Material provided:
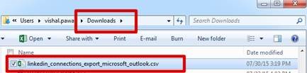 For example, file which I have downloaded is in location – C:\Users\Downloads\linkedin_connections_export_microsoft_outlook.csv
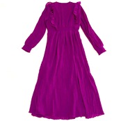 華やかなパープルカラーとロング丈で、特別な日やフォーマルシーンにもぴったり。
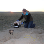 We work with one of the most endangered species in North America, the black footed ferret – there are only 350 left. They rely on prairie dogs, and many agriculturalists feel they are pests since they eat grass for cattle, so they poison them. But the black footed ferrets are important, they are “keystone animals”- they serve a big role in the interconnected system of animals.
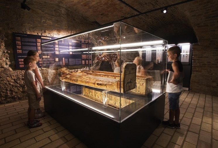 A hajdani parókia boltozott pincéjében a „Hori titkai” egyiptomi tárlat – látványos arcrekonstrukcióval és a modern audiovizuális eszközök lehetőségeivel kiegészülve, a több mint 3000 éves óegyiptomi koporsóval és múmiával a középpontban – felejthetetlen élményt nyújt.
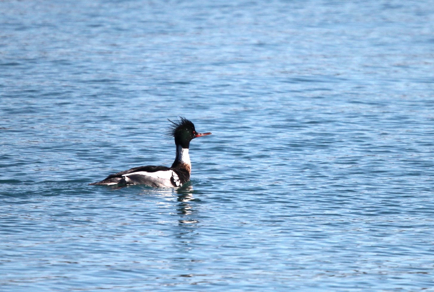 Red-breasted Mergansers migrate to Chicago each winter from points north, from the fast-moving streams in northern Michigan and Ontario where they nest.
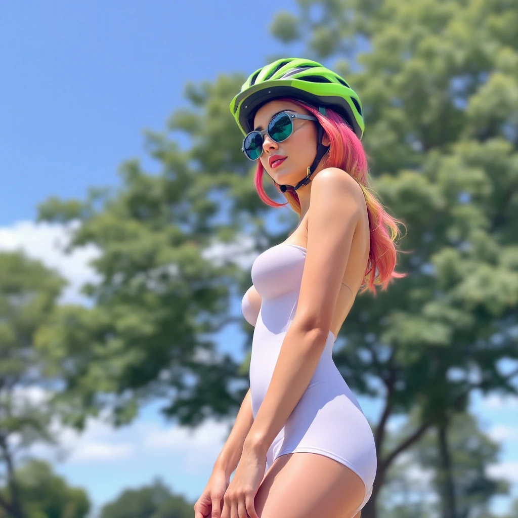 woman, bicycle helmet, sunglasses, bodysuit, shorts, <lora:b1keg1rl-v1:1> , petite, breasts, breast focus, 1girl, underboob, sideboob, braless, white bodycon dress, park, sky, trees, vivid hair
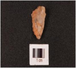 | Description / विवरण | Quartz flake, irr-regular shaped with rough rugged surface and use wear marks along the cutting edge. |

Try it: Lines from the one containing "Red-breasted Mergansers migrate" through the end of the material above must be reproduced exactly; pictures must not be.

Task output:
 Red-breasted Mergansers migrate to Chicago each winter from points north, from the fast-moving streams in northern Michigan and Ontario where they nest.
 woman, bicycle helmet, sunglasses, bodysuit, shorts, <lora:b1keg1rl-v1:1> , petite, breasts, breast focus, 1girl, underboob, sideboob, braless, white bodycon dress, park, sky, trees, vivid hair
 | Description / विवरण | Quartz flake, irr-regular shaped with rough rugged surface and use wear marks along the cutting edge. |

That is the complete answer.